Prove that $0\le yz+zx+xy-2xyz\le{7\over27}$, where $x,y$ and $z$ are non-negative real numbers satisfying $x+y+z=1$.


Problem 2

Find one pair of positive integers $a,b$ such that $ab(a+b)$ is not divisible by $7$, but $(a+b)^7-a^7-b^7$ is divisible by $7^7$.


Problem 3

Given points $O$ and $A$ in the plane. Every point in the plane is colored with one of a finite number of colors. Given a point $X$ in the plane, the circle $C(X)$ has center $O$ and radius $OX+{\angle AOX\over OX}$, where $\angle AOX$ is measured in radians in the range $[0,2\pi)$. Prove that we can find a point $X$, not on $OA$, such that its color appears on the circumference of the circle $C(X)$.


Day II

Problem 4

Let $ABCD$ be a convex quadrilateral with the line $CD$ being tangent to the circle on diameter $AB$. Prove that the line $AB$ is tangent to the circle on diameter $CD$ if and only if the lines $BC$ and $AD$ are parallel.


Problem 5

Let $d$ be the sum of the lengths of all the diagonals of a plane convex polygon with $n$ vertices (where $n>3$). Let $p$ be its perimeter.

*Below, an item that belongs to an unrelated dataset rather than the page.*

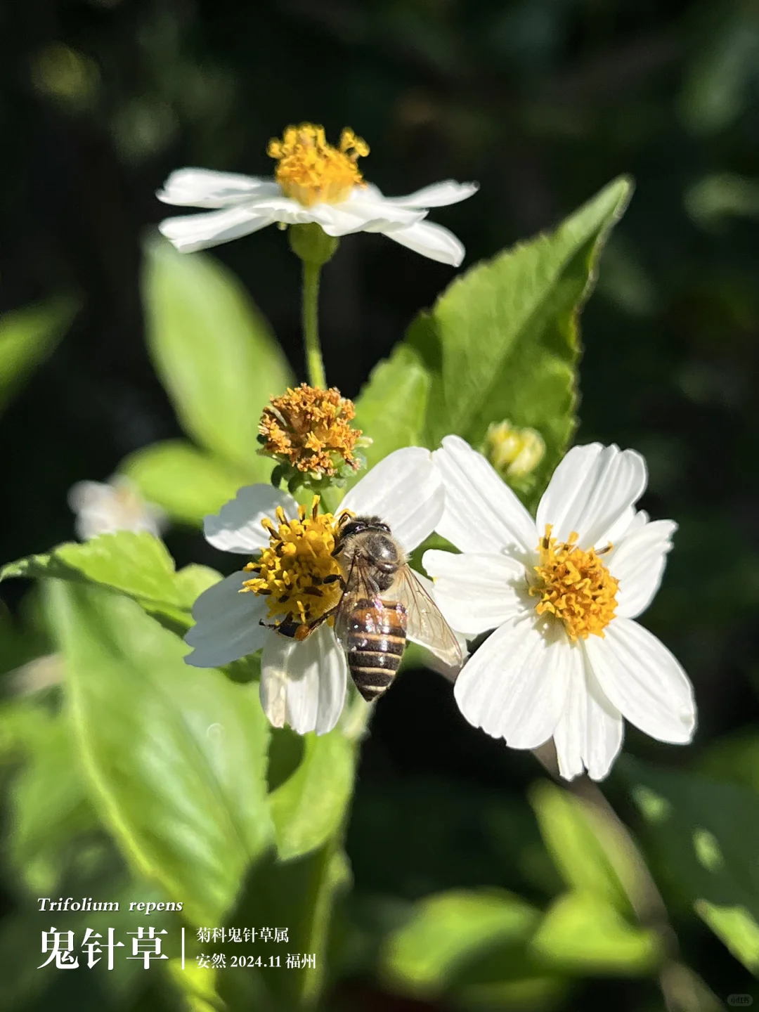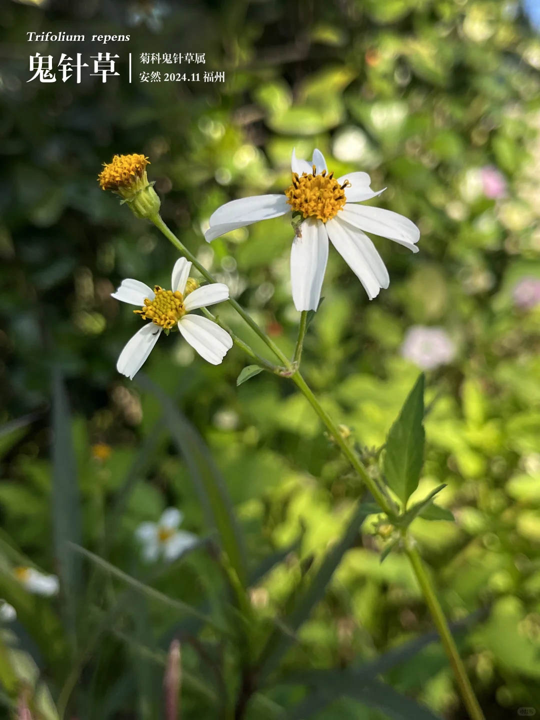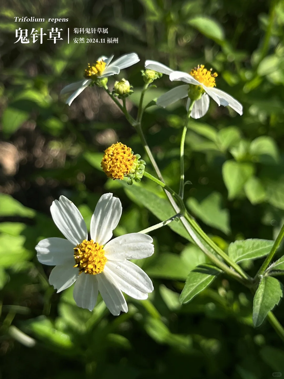鬼针草是菊科鬼针草属的一年生草本植物,它的花还挺好看的。

Prove that: \[n-3<{2d\over p}<\Bigl[{n\over2}\Bigr]\cdot\Bigl[{n+1\over 2}\Bigr]-2,\] where $[x]$ denotes the greatest integer not exceeding $x$.


Problem 6

Let $a,b,c,d$ be odd integers such that $0<a<b<c<d$ and $ad=bc$. Prove that if $a+d=2^k$ and $b+c=2^m$ for some integers $k$ and $m$, then $a=1$.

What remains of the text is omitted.